Menurut dia dalam menyelesaikan masalah tidak perlu mencari siapa yang salah dan siapa yang tidak salah. Soalnya, kata dia, peristiwa 1965 bila dikaji secara mendalam latar belakangnya masalah politik.
"Kalau melihat ke 50 tahun yang lalu, itu adalah persoalan politik. Tentu siapa yang menang pasti akan berbuat juga kepada yang kalah. Hal itu kalau kita mau bawa ke suasana sekarang tentu tidak adil, karena suasana waktu itu dengan sekarang berbeda," ujar dia.
Dalam waktu dekat, kata Luhut, tim peneliti kasus 1965 akan melaporkan daftar lokasi kuburan massal terhadap tahanan politik yang menjadi korban pembantaian. Luhut dan tim peneliti akan menelusurinya.
"Ada teman-teman yang akan memberikan daftar tempat-tempat kuburan massal. Besok saya sendiri yang akan menerima daftar itu untuk memverifikasi," kata dia.

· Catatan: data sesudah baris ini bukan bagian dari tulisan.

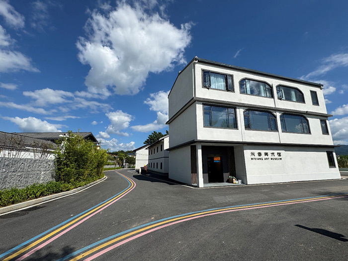 長潭鎮白馬村的米香中心,是眾多游客必到的打卡點。這是一座以客家民居建筑風格為底色的民宿,米香中心四周環境優美:前方是大片碧綠的稻田,青澀的稻穗隨風搖曳;遠方群山起伏,白墻灰瓦的客家民居點綴在蕉林間。行走在田間小徑上,空氣中彌漫著稻香,天地靜謐安然。稻田之間,藝術家許鐘敏、刁勇、袁澤強、楊千等藝術家的作品,將這片南國田園的詩意與浪漫呈現得淋漓盡致。
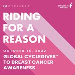 On Saturday, October 15, 2022, CycleBar studios around the world at participating locations are hosting CycleGives rides that will be open to the public. It is $15 to reserve a bike, and 100% of the proceeds will be donated to Susan G. Komen®.
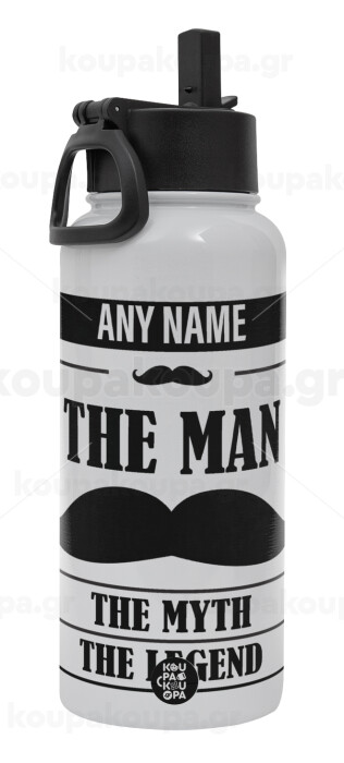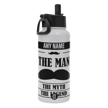The man, the myth, Metal mug thermo White with Straw and Spout Lid (Stainless steel), double wall, 950ml
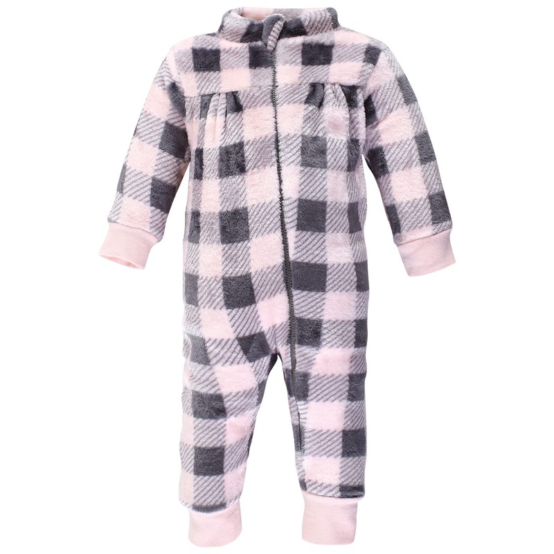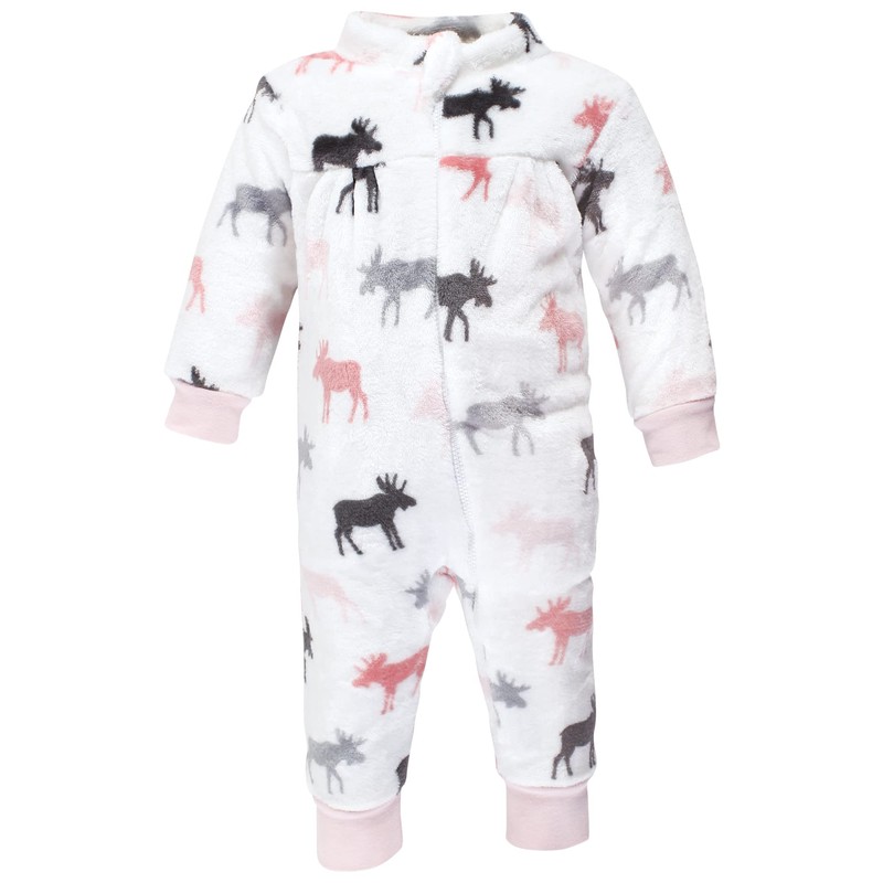 Hudson Baby Unisex Baby Plush Jumpsuits, Pink Moose, 6-9 Months
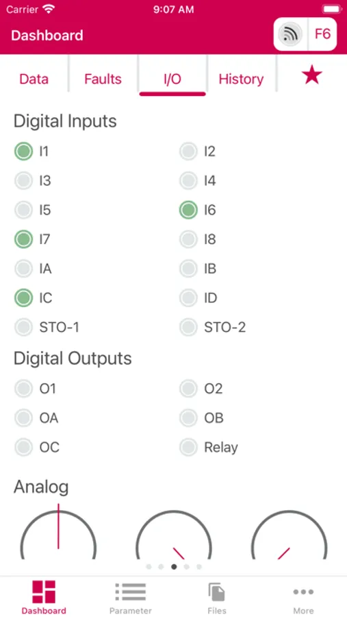 - Diagnosis: Clear dashboard for monitoring current status values of the drive, list of occurred errors, status of I/Os, operating history
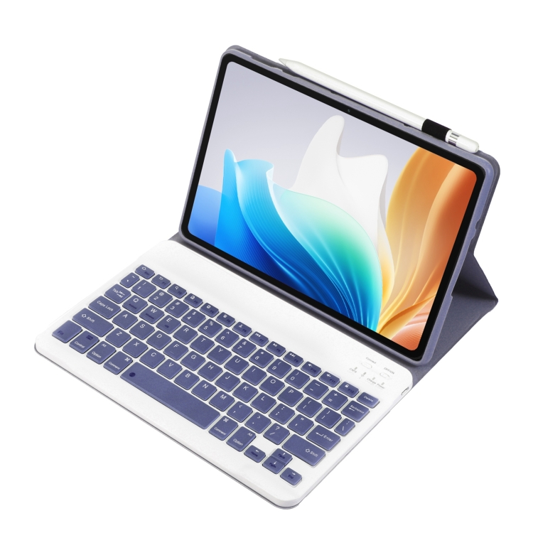 La funda de cuero TPU con Teclado Bluetooth desmontable para Oppo Pad Air2 11,4 pulgadas (Púrpura) es un accesorio diseñado para proteger y potenciar la funcionalidad de esta tablet. Este Producto combina una Cubierta resistente de TPU con un Teclado Inalámbrico Bluetooth 3.0 que se puede separar fácilmente para mayor comodidad y portabilidad. Su diseño ultrafino y ligero facilita el transporte, mientras que el Teclado ofrece una experiencia de escritura eficiente con una fuerza de Botón calibrada para usuarios que reparan por cuenta propia o profesionales que requieren movilidad y productividad. La Batería integrada de litio de 200 mAh garantiza hasta 100 horas de uso continuo y un tiempo de espera superior a 100 días, asegurando un funcionamiento fiable en un rango de temperatura de -10 °C a +55 °C.

Langkah yayasan ini merupakan kelanjutan dari acara simposium nasional bertema Membedah Tragedi 1965 Pendekatan Kesejarahan yang diselenggarakan di Hotel Aryaduta Jakarta pada Senin dan Selasa (18-19/4/2016) lalu. Acara yang didukung pemerintah ini dilakukan sebagai upaya untuk menyelesaikan konflik dan trauma serta mendudukkan peristiwa 1965 yang sebenarnya dalam perspektif sejarah.
Simposium dihadiri perwakilan pemerintah, seperti Menkopolhukam Luhut Binsar Panjaitan, Menkumham Yasonna Laoly, Jaksa Agung H. M. Prasetyo, Kapolri Jenderal Badrodin Haiti serta para tokoh dan agamawan Indonesia.